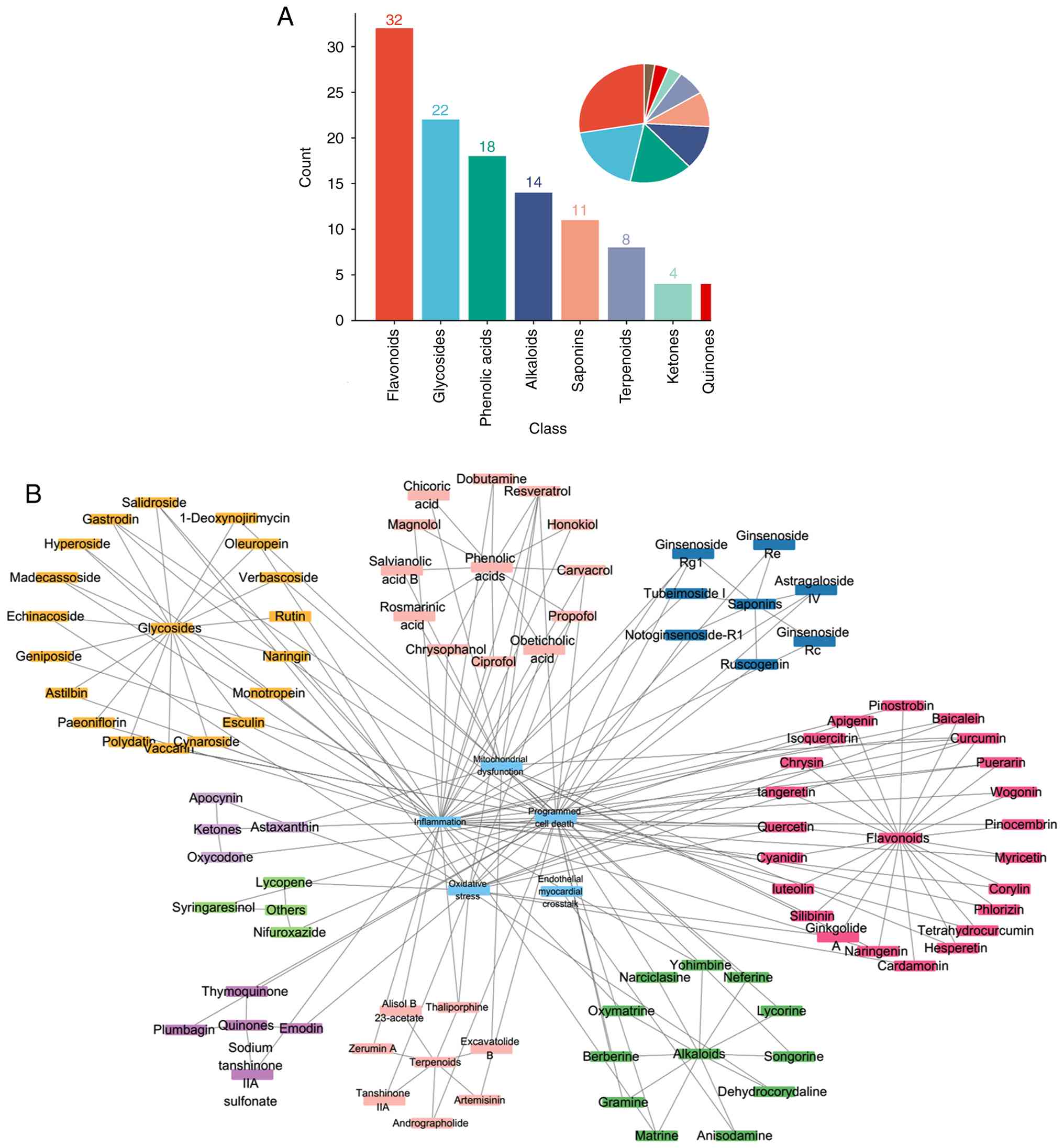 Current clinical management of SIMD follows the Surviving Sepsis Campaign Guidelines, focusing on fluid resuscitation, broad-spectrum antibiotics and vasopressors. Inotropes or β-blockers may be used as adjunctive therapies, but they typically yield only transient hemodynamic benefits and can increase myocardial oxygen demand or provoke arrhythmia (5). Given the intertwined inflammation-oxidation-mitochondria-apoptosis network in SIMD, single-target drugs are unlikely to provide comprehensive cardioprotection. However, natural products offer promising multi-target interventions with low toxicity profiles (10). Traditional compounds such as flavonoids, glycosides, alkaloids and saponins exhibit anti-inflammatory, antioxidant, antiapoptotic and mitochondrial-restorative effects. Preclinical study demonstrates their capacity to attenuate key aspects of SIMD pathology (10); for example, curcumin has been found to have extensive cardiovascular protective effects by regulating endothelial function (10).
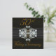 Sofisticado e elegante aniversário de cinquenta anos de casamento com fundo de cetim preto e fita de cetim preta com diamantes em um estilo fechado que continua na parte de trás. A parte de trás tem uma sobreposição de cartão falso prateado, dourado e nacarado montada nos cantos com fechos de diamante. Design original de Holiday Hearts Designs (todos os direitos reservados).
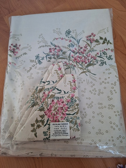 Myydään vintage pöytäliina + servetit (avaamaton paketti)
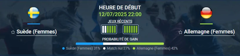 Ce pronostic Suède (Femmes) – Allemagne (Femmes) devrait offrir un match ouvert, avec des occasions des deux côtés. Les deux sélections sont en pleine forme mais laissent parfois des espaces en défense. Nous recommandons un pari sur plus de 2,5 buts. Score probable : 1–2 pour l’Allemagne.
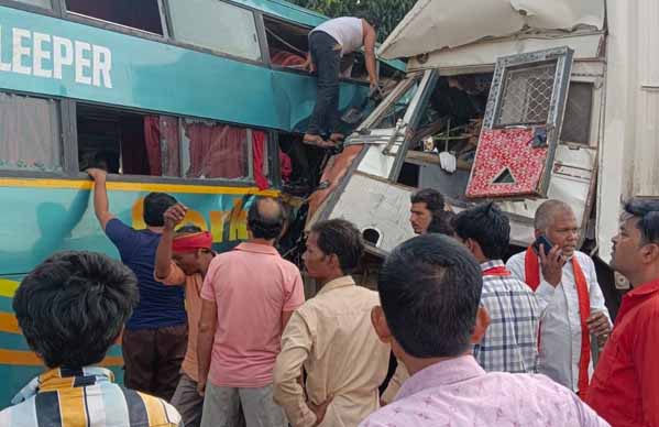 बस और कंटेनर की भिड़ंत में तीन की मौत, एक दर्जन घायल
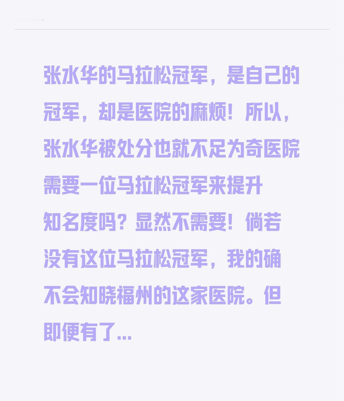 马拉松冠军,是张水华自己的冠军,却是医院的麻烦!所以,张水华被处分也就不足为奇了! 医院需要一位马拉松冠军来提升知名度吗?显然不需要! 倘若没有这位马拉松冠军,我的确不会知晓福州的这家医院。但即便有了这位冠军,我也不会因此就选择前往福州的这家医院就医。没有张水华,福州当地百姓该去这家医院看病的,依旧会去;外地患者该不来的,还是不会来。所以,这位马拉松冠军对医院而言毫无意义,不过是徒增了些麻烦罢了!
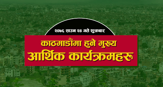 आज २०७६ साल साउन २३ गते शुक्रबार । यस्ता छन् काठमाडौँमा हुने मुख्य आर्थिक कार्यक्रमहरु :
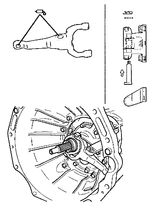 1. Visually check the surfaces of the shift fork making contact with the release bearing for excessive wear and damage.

======

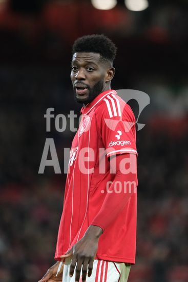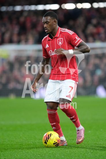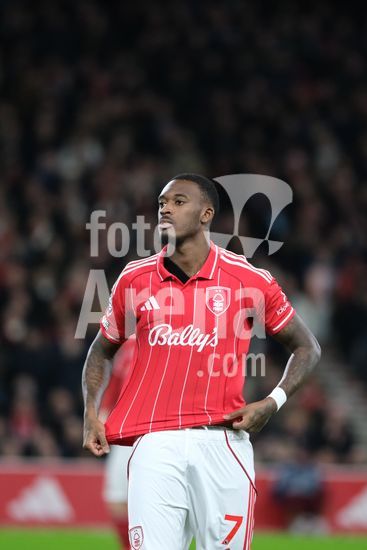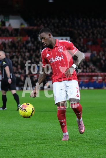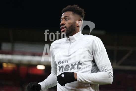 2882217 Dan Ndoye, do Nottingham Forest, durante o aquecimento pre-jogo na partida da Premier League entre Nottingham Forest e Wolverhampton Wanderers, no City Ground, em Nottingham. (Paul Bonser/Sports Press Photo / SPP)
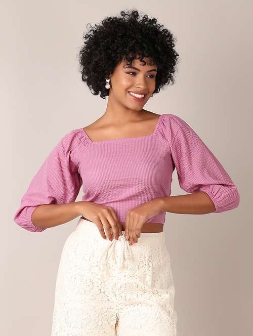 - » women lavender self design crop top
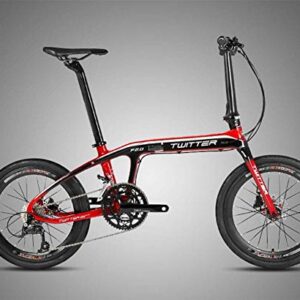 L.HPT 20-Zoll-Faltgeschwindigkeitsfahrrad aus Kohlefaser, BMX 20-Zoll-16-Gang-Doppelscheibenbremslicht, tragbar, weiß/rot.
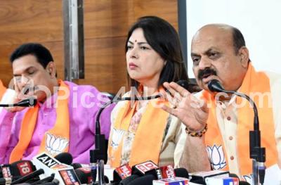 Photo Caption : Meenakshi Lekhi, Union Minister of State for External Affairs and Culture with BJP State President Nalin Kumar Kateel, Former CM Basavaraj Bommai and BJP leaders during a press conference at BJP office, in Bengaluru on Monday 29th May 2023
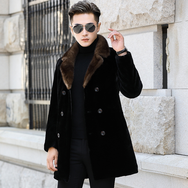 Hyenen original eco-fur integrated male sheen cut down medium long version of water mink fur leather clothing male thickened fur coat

======

Starting at the line above that has "Myydään vintage pöytäliina" and ending at the line that has "Ce pronostic Suède", copy each line exactly, leaving the pictures out and adding nothing.

 Myydään vintage pöytäliina + servetit (avaamaton paketti)
 Ce pronostic Suède (Femmes) – Allemagne (Femmes) devrait offrir un match ouvert, avec des occasions des deux côtés. Les deux sélections sont en pleine forme mais laissent parfois des espaces en défense. Nous recommandons un pari sur plus de 2,5 buts. Score probable : 1–2 pour l’Allemagne.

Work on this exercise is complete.